Newbold steps down after overseeing era of change
By
Jamie Bufalino

Frank Newbold, the chairman of the East Hampton Village Zoning Board of Appeals, who has said his 15 years on the board provided him with a front-row seat to East Hampton’s evolution, announced his resignation at a Z.B.A. meeting on Friday.

Appointed as an alternate member in 2003 and named chairman in 2013, Mr. Newbold offered a farewell address during the meeting, citing some fallacious reports in this newspaper in years gone by. “The early reports in The East Hampton Star in the 1880s that the railroad’s arrival had doomed us have proved premature,” he said as he extolled the village’s ability to adapt to change.

Over the years, he said the zoning board had grown increasingly concerned with the effect that construction and septic systems have on water quality and had tried to be consistent in a quest to protect empty parcels from being overdeveloped. “I think we’ve got a pretty clear track record that when it’s a clean slate, and you’ve bought it under the current zoning, then you need to abide by that zoning.”

  “Houses I remember being built are now being torn down and bigger houses taking their place,” he said, with homeowners now far more exacting about the size of their parcels. 

“When I first started, it was much more casual,” he said. “People would say, ‘Oh the property line goes from the apple tree to the garage,’ and now property has become so expensive that people are conscious of every square inch.”

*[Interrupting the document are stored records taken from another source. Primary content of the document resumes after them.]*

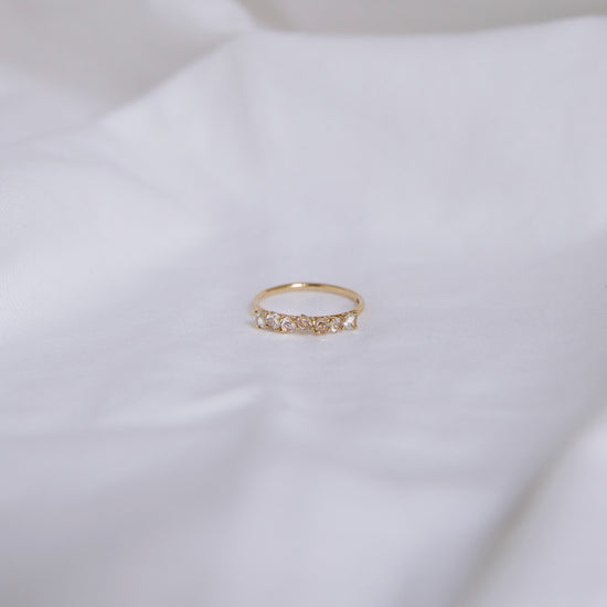 Ring 017 features a mix of rose cut unique shaped diamonds. Claw set on a fine band.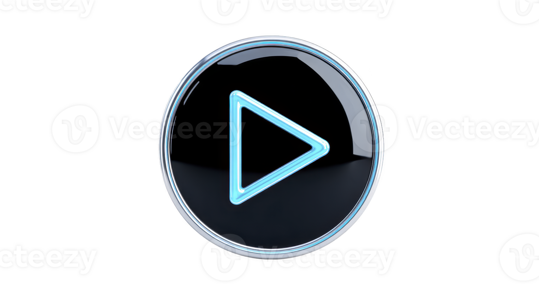 Glossy, circular play button icon with blue neon outline on transparency background, symbolizing media playback or streaming. modern design conveys sense of technology and digital interaction Pro PNG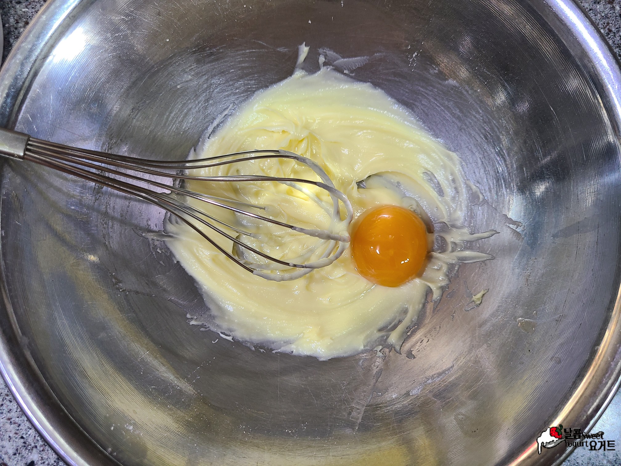 실온의 계란 노른자를 넣고 잘 섞어주세요.

As a result, he said the zoning board had grown in importance. Prior to meetings, board members pore over stacks of paperwork, he said, and applicants are more likely to have attorneys plead their cases. Even the general public is more tuned in to the board, Mr. Newbold said. “It’s amazing how many people watch it on LTV and come up to me with a jabbing finger and say, ‘You tell that lawyer blah blah blah,’ and I’m, like, ‘Thank you for caring.’ ”

Mr. Newbold credited the village board with tightening the zoning code, but said people often tried to find ways around it. “They’ll say, ‘Oh there’s a loophole, let’s drive a truck through that.’ ” 

 He also described basements being transformed into massive spaces featuring everything from wine cellars to a dog-washing station, calling it a recent trend. 

“People wanted to make the basement bigger than the house — take it out to the actual property line, so the village had to pass a rule limiting it to the footprint of the house,” he said. 

Then there was an applicant who wanted to dig two stories deep in order to build a squash court under a garage. “There was nothing in the code, so the village had to play a little catch-up,” he said. 

Mr. Newbold, who is also a manager with Sotheby’s International Realty, said he planned to scale back his professional life, spend more time visiting family in Southern California, stay at his house in Palm Springs, and do more traveling.

Weighing in this week on Mr. Newbold’s departure, Mayor Paul F. Rickenbach Jr. said, “We could not have asked for someone more knowledgeable, who has compassion and delivered the right product.”